The role of exercise and exercise-related factors in the control of mitochondrial oxidative function
Author: Walsh, Brandon
Date: 2002-05-31
Location: Idrottshögskolans aula
Time: 9.00
Department: Institutionen för fysiologi och farmakologi / Department of Physiology and Pharmacology
Abstract
The effects of exercise and exercise-related factors on the control of
mitochondrial oxidative function were investigated in human and rat
skeletal muscle.
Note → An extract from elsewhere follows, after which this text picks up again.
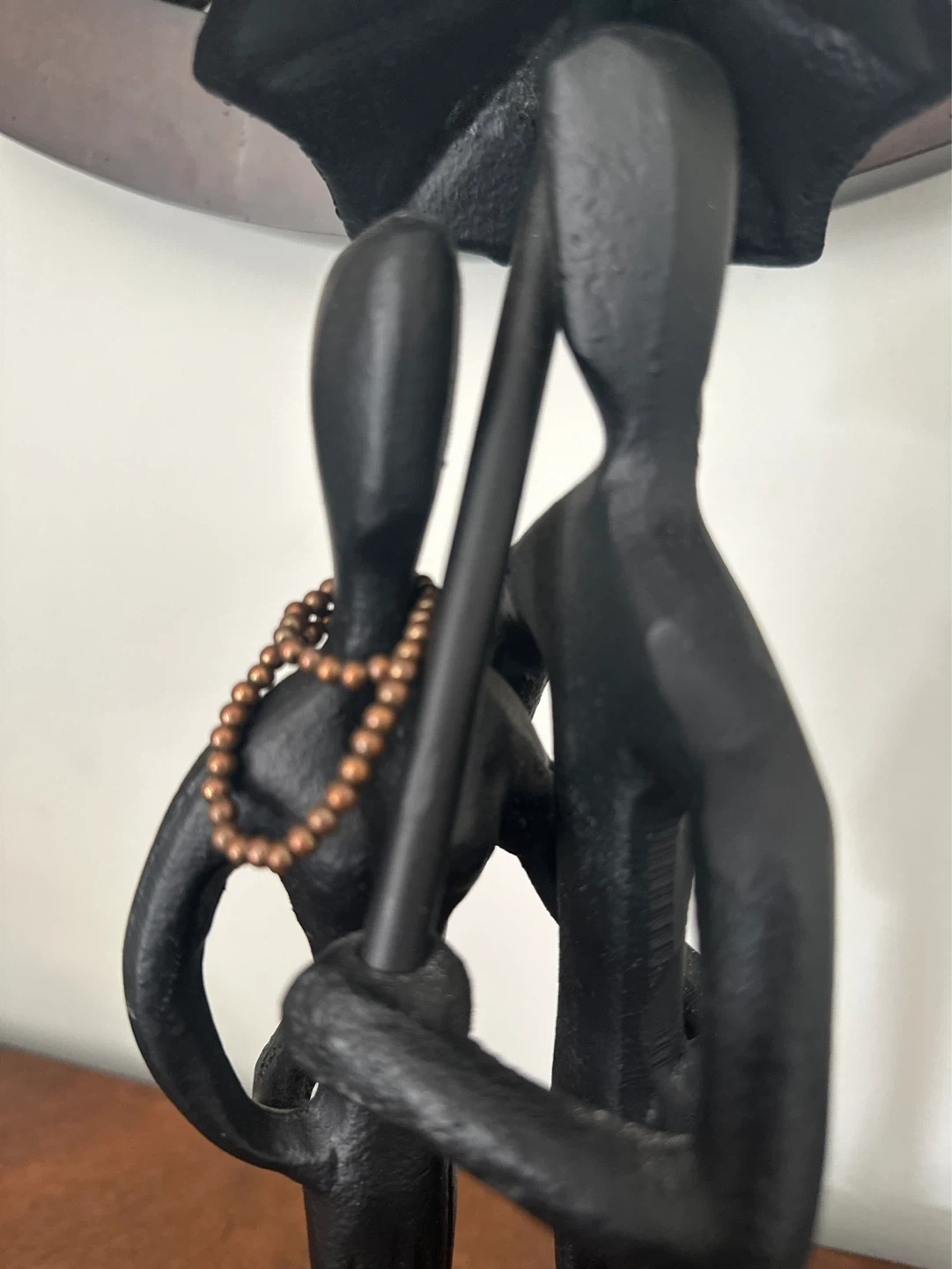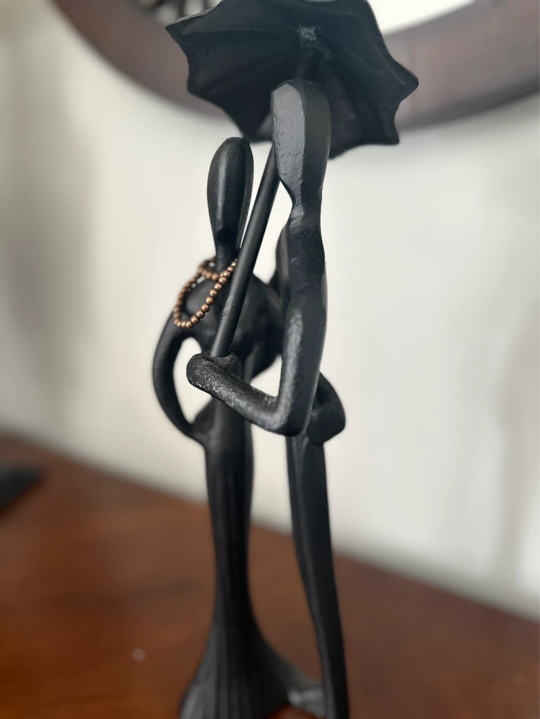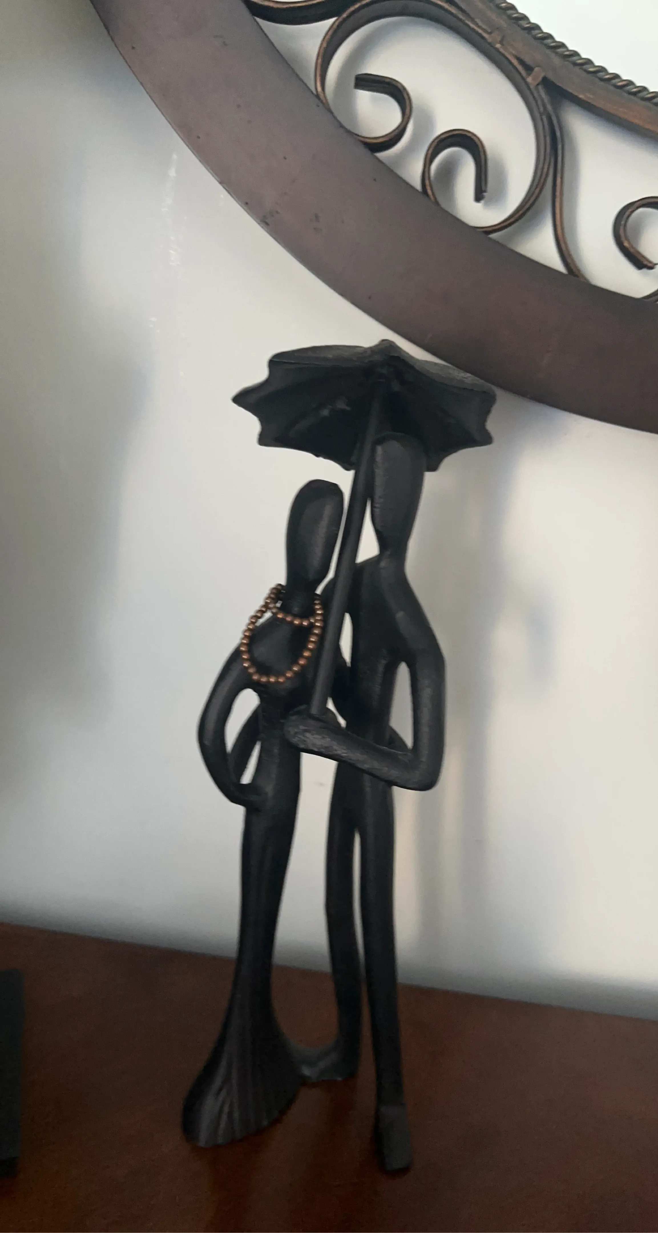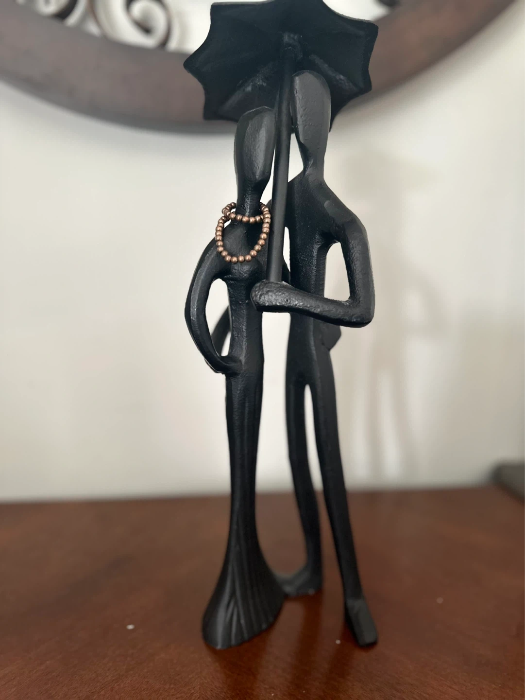 Black metal figurine of a couple sharing an umbrella, adorned with a beaded necklace. Adds a touch of romance to any decor.

Oxidative function was assessed through the measurement
of oxygen consumption in chemically permeabilized (skinned) fibers.
Mitochondria in skinned muscle fibers remain in their natural structural
environment, permitting sophisticated mechanisms of respiratory control
to be studied while allowing the surrounding milieu to be manipulated.
Specifically, the acute effects of eccentric and high intensity exercise,
the chronic effects of exercise training, and the role of phosphocreatine
(PCr), creatine (Cr), inorganic phosphate (Pi), and H+ in the control
mitochondrial oxidative function were studied.
Two potentially important metabolites that undergo large changes in
concentration in the intracellular milieu during exercise are Cr and PCr.
While the importance of these metabolites for temporal energy buffering
has long been understood, they also have been suggested to play a role in
spatial energy buffering and in the regulation of mitochondrial function
in vivo. It is known that Cr, in the presence of submaximally stimulating
concentrations of ADP, stimulates respiration in skinned fibers from
oxidative muscle. However, the effect of PCr on oxidative function is
unknown. It was shown for the first time that PCr decreases the
sensitivity of mitochondrial respiration to ADP in skeletal muscle.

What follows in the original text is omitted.